Mind you, this isn't a discredit to the Hatties, and Theresas; Flo Clements ("Alma Prichard") or Rosetta LeNoire ("Stella)" and their work as actresses. I'm not supporting the categorization of "good blacks vs. bad blacks" or "good girls vs. bad girls" either.
Francine, Barbara, & Julie in Love
Race movies provided black audiences with something else Hollywood couldn't/wouldn't provide them with--great love stories! In actresses like Evelyn Preer, Dorothy Van Engle, Izinetta Wilcox, and Sheila Guyse, we had "our" Mabel Normand--"our" Ginger Rogers, Claudette Colbert, and Judy Garland.

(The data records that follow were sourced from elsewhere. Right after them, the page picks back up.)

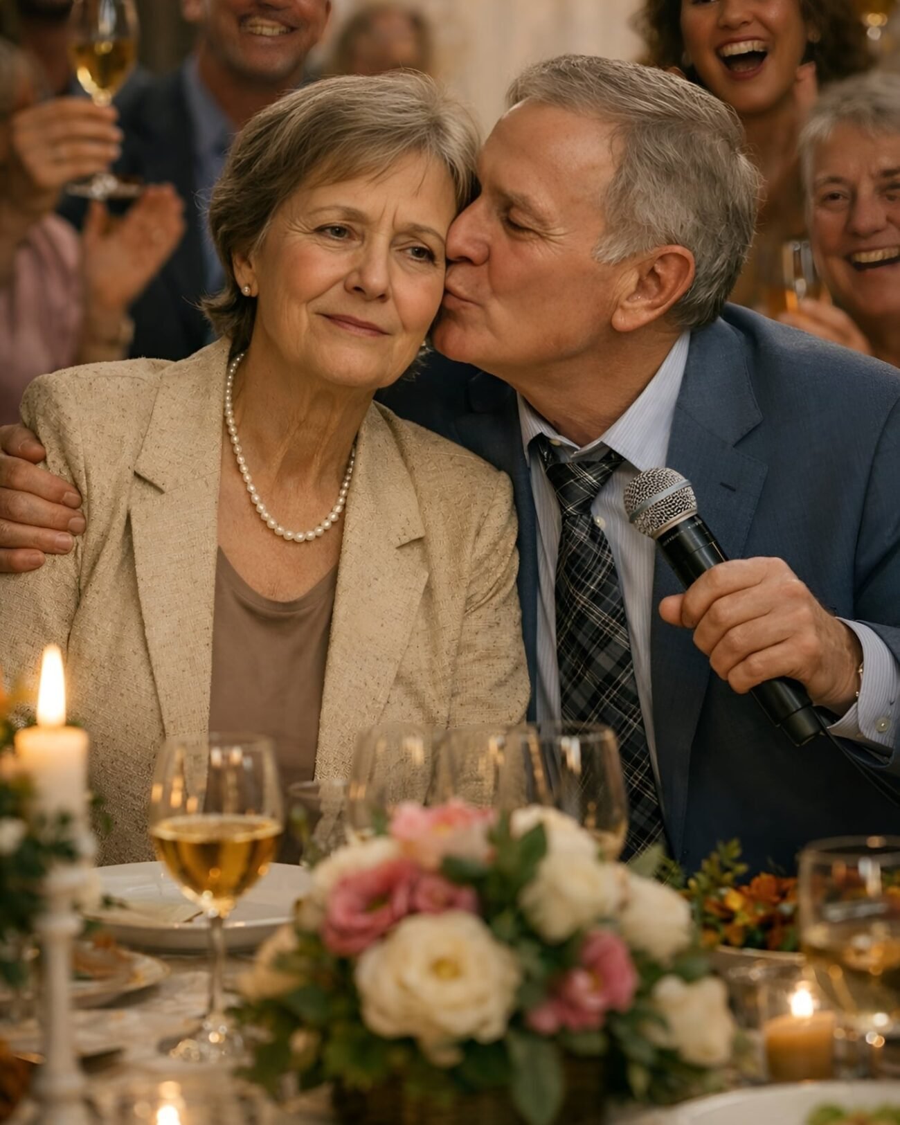 — Vrienden, — begon hij glimlachend, — jullie kennen allemaal mijn vrouw. Bescheiden, stil… soms zelfs te stil.
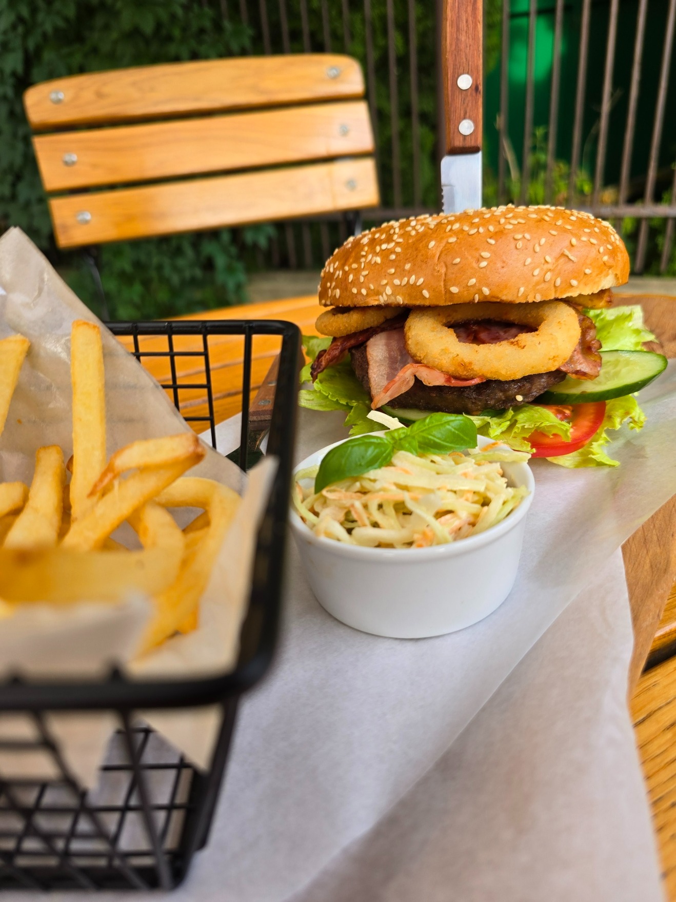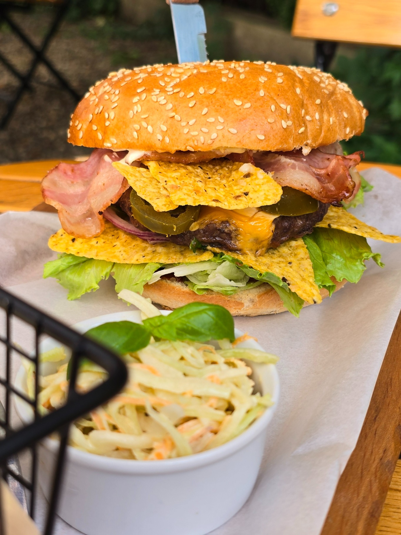 160g wołowina, mozzarella, pesto z suszonych pomidorów, szynka dojrzewająca, rukola, pomidor, 100g frytek z batatów, coleslaw
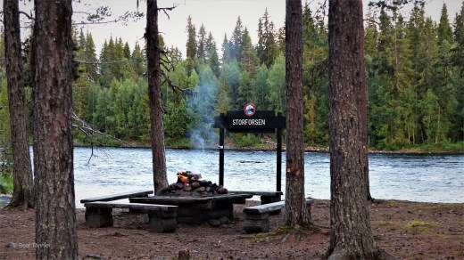 Etwas ausserhalb von Jokkmokk fanden wir in der Nähe eines Flusses „Lilla Lule Älv“ einen ruhigen Platz im Wald. Wie üblich mit Toilette, Entsorgungshäuschen und Feuerstelle mit Rost.
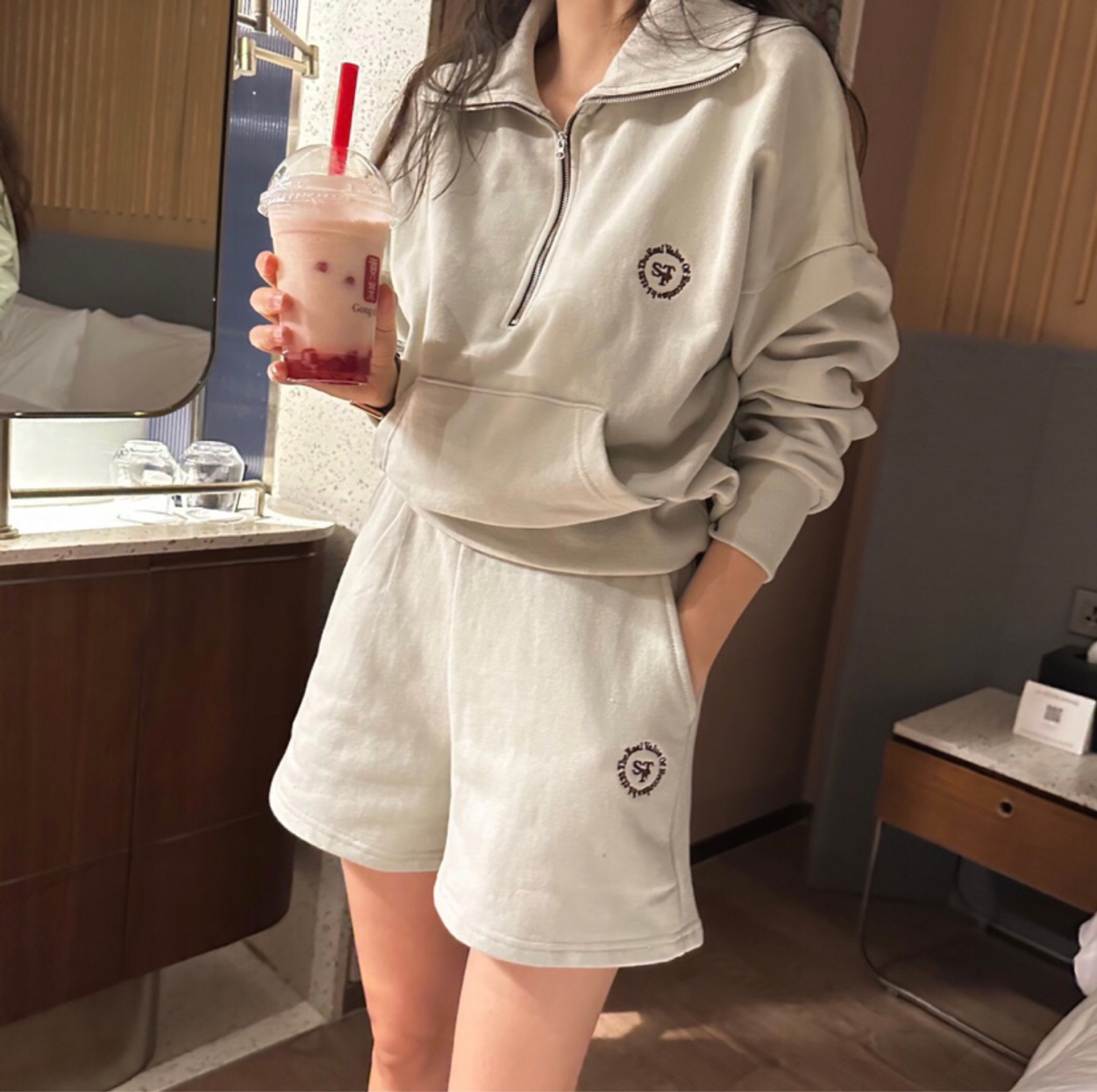 하프집업반바지세트

Of course, there were actresses who could have been models for our love lives in the 1920s, 30s, and 40s (Nina Mae McKinney, Fredi Washington, Ethel Waters, Lena Horne)--but love was rarely a central focus in lives of the characters they played (Possible exceptions: Bessie, Petunia Jackson, Selina Rogers, Ethel Andrews, and Klili Gordon/Isabelle Walton).
|From Movie Poster Shop|
What Sheila Guyse brought to mid-1940s cinema was the character of a young black woman who longed for love--and was loved. In her three starring roles, she cried over the loss of love. She fought for love. She defended and protected the men she loved. She found happiness in love. She was motivated by love. Even today, we don't see these black women on the screen often. In fact, love (lack of it or fear/rejection of it) tends to destroy us on the screen ("Chick" in Hallelujah!, "Carmen Jones", "Bess" in Porgy and Bess, "Delilah/Annie" and "Peola/Sarah Jane" in the Imitation of Life movies). Of course this isn't and wasn't always the case, but we saw/see the theme pretty often in Hollywood film and television.
"Getting the guy/girl" was something we got to see often in race movies, thankfully. However, for the women, again, love wasn't always the central focus for their characters. Their intelligence and bravery (see: Claudia and Eve Mason) often served as the central focus--another topic I'd be ecstatic to leave my typing fingers to tackle later.
Barbara got the guy in Sepia Cinderella. Julie Weston got the guy in Miracle in Harlem. Francine Cummings got a guy in Boy! What a Girl!--and nobody had to die for it to happen, either. With all of the qualities that made Sheila Guyse unique--a certain beauty, grace, and charm--she brought something to these characters that I can't imagine any other actress of the time being able to bring.
Make some time to discover Sheila Guyse--the "Sweetheart of Race Movies". Watch her films, listen to her album, This is Sheila (available in digital format on Amazon). Tell everyone you know about this talented woman!